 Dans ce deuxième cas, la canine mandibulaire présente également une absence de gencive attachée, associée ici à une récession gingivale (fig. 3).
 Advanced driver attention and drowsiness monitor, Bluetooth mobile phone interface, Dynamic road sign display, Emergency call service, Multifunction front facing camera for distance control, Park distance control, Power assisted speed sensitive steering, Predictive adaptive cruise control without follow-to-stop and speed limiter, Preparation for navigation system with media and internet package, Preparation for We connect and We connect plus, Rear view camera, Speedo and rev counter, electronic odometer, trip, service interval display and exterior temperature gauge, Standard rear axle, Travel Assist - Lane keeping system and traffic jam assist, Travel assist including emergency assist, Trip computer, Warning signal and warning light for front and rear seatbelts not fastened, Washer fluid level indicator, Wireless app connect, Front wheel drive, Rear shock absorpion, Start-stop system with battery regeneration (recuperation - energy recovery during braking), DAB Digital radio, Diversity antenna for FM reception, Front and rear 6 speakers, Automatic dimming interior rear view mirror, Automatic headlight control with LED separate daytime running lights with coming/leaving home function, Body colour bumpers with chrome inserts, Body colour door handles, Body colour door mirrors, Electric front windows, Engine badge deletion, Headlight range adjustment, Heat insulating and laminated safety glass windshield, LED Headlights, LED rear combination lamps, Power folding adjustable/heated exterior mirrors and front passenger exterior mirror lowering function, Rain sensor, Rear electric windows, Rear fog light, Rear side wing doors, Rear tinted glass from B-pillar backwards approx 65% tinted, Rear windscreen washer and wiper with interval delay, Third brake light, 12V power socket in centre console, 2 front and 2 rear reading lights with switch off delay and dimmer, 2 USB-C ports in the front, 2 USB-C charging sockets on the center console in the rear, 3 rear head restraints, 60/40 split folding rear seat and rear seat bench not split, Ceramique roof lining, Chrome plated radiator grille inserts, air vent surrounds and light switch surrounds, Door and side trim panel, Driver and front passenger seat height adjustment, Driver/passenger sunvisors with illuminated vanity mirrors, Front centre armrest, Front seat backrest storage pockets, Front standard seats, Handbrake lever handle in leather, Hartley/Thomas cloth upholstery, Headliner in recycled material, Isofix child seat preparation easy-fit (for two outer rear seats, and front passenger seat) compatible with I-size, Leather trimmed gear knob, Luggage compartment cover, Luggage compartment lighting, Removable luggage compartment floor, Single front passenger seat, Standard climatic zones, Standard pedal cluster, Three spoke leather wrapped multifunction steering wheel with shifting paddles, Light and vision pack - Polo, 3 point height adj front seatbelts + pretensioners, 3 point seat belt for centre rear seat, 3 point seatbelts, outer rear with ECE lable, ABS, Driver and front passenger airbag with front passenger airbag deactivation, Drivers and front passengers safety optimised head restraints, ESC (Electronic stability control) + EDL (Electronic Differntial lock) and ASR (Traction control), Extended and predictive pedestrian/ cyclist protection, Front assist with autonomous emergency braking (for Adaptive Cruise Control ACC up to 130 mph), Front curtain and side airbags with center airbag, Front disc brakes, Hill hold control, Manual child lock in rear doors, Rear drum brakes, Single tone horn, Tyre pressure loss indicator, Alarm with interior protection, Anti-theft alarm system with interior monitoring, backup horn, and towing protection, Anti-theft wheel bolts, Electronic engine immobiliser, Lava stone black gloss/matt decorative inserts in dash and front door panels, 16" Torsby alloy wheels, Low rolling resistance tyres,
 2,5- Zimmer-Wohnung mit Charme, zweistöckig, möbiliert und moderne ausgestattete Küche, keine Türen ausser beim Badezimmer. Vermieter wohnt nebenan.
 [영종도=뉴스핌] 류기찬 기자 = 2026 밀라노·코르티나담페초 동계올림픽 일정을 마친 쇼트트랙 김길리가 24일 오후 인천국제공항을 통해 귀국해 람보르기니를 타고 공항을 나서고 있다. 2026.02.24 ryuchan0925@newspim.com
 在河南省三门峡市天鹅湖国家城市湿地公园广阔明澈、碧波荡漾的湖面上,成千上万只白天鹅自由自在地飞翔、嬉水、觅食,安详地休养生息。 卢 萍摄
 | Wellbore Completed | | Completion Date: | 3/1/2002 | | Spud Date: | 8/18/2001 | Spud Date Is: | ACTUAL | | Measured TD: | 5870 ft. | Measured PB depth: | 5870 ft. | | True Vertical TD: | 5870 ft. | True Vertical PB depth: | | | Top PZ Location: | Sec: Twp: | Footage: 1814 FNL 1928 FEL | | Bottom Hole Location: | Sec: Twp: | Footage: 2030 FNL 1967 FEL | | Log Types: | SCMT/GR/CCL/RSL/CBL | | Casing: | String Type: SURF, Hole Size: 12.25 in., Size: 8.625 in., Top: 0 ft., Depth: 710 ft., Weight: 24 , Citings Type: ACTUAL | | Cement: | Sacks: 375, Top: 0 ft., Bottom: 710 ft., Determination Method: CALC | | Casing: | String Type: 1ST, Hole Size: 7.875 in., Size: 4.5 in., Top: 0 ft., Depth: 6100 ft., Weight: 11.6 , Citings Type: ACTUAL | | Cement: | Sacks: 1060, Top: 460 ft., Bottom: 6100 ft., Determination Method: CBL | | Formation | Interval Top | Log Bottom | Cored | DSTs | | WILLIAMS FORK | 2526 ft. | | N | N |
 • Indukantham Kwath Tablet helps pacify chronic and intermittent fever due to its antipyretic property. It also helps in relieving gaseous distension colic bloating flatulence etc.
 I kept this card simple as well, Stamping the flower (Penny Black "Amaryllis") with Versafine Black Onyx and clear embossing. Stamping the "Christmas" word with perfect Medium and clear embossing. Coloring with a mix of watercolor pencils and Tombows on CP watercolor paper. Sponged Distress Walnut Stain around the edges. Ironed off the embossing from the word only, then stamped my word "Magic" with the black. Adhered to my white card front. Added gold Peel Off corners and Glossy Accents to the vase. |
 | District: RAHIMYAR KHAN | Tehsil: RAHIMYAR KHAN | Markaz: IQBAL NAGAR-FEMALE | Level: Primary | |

* [BRIEF] All that is wanted is a faithful reproduction of the line above with "2,5- Zimmer-Wohnung mit", the line with "bloating flatulence etc.", and every line in between.

* [RESULT OF THE EXERCISE]
 2,5- Zimmer-Wohnung mit Charme, zweistöckig, möbiliert und moderne ausgestattete Küche, keine Türen ausser beim Badezimmer. Vermieter wohnt nebenan.
 [영종도=뉴스핌] 류기찬 기자 = 2026 밀라노·코르티나담페초 동계올림픽 일정을 마친 쇼트트랙 김길리가 24일 오후 인천국제공항을 통해 귀국해 람보르기니를 타고 공항을 나서고 있다. 2026.02.24 ryuchan0925@newspim.com
 在河南省三门峡市天鹅湖国家城市湿地公园广阔明澈、碧波荡漾的湖面上,成千上万只白天鹅自由自在地飞翔、嬉水、觅食,安详地休养生息。 卢 萍摄
 | Wellbore Completed | | Completion Date: | 3/1/2002 | | Spud Date: | 8/18/2001 | Spud Date Is: | ACTUAL | | Measured TD: | 5870 ft. | Measured PB depth: | 5870 ft. | | True Vertical TD: | 5870 ft. | True Vertical PB depth: | | | Top PZ Location: | Sec: Twp: | Footage: 1814 FNL 1928 FEL | | Bottom Hole Location: | Sec: Twp: | Footage: 2030 FNL 1967 FEL | | Log Types: | SCMT/GR/CCL/RSL/CBL | | Casing: | String Type: SURF, Hole Size: 12.25 in., Size: 8.625 in., Top: 0 ft., Depth: 710 ft., Weight: 24 , Citings Type: ACTUAL | | Cement: | Sacks: 375, Top: 0 ft., Bottom: 710 ft., Determination Method: CALC | | Casing: | String Type: 1ST, Hole Size: 7.875 in., Size: 4.5 in., Top: 0 ft., Depth: 6100 ft., Weight: 11.6 , Citings Type: ACTUAL | | Cement: | Sacks: 1060, Top: 460 ft., Bottom: 6100 ft., Determination Method: CBL | | Formation | Interval Top | Log Bottom | Cored | DSTs | | WILLIAMS FORK | 2526 ft. | | N | N |
 • Indukantham Kwath Tablet helps pacify chronic and intermittent fever due to its antipyretic property. It also helps in relieving gaseous distension colic bloating flatulence etc.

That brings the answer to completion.